There may be a number of questions and concerns going through your mind in response to the coronavirus crisis – two of which may be, how do I stop myself from going stir crazy, and how can I stay fit over the next few weeks if I have to stay at home?
The good news is that the exponential growth of technology over the last couple of decades has led to the home workout becoming a popular option for many people. The days of having to rely solely on that one trusted workout DVD brought out by your favourite celebrity are long gone! Today, Youtube, fitness apps and live streaming on social media are just some of the many ways that people are joining an ever growing fitness revolution – from the comfort of their living room.
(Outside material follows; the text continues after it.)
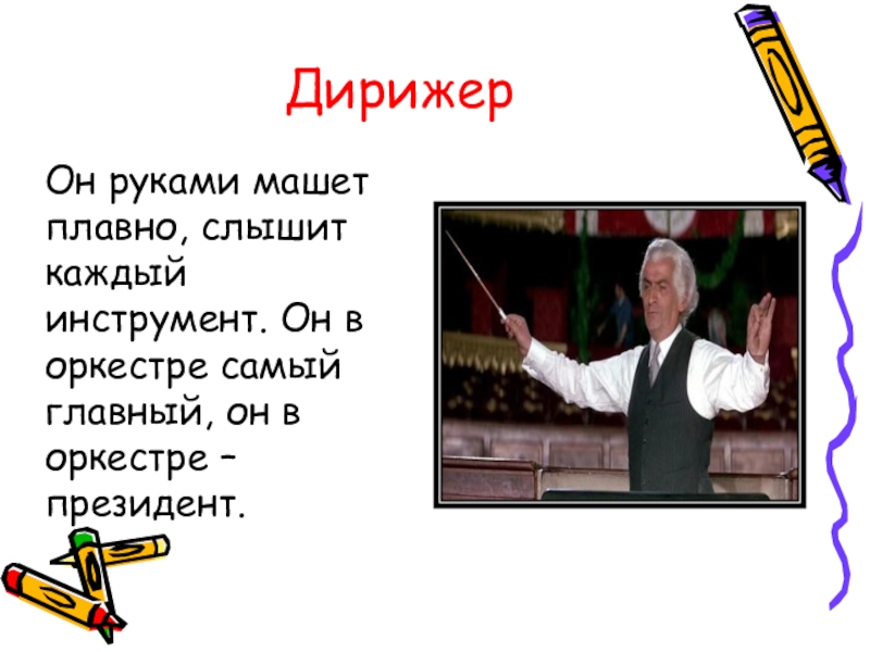 ДирижерОн руками машет плавно, слышит каждый инструмент. Он в оркестре самый главный, он в оркестре – президент.
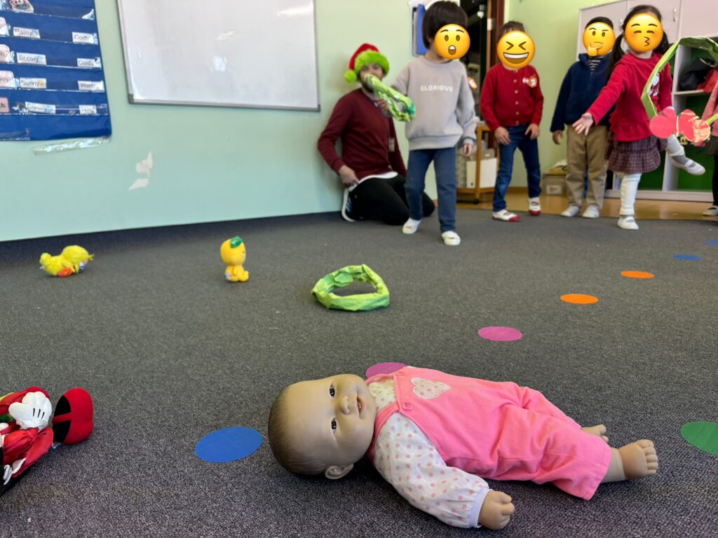 Owlsクラスは今日、様々な遊びを楽しみました。特に人気だったのは輪投げです。カーペットの上に置かれたおもちゃに向かって輪を投げ、誰が一番遠くにあるおもちゃに届くかを競い合い、楽しそうに挑戦していました。ちなみに手前の赤ちゃんは人形です!びっくりさせてごめんなさい…。

Whether you’re completely new to exercise or you hit the gym several times a week, there are home workouts of all types and levels that can help you to look after your mental and physical health during the lockdown (and beyond). The majority of them don’t require any equipment and the ones that do can be done using everyday items that you’re likely to have lying around the house. You can also take some simple steps everyday to start being more active in your everyday routine.
If you’re looking for some home workout inspiration – or just somewhere to start, then the following seven ideas may be useful.
1. Build strength using everyday items you can find around the house
There are plenty of everyday items in virtually every household, that can double-up as exercise equipment to help you build strength at home. For example, you could try using cans or bottles of drinks as small weights, to do bicep curls or a chair to do some seated squats.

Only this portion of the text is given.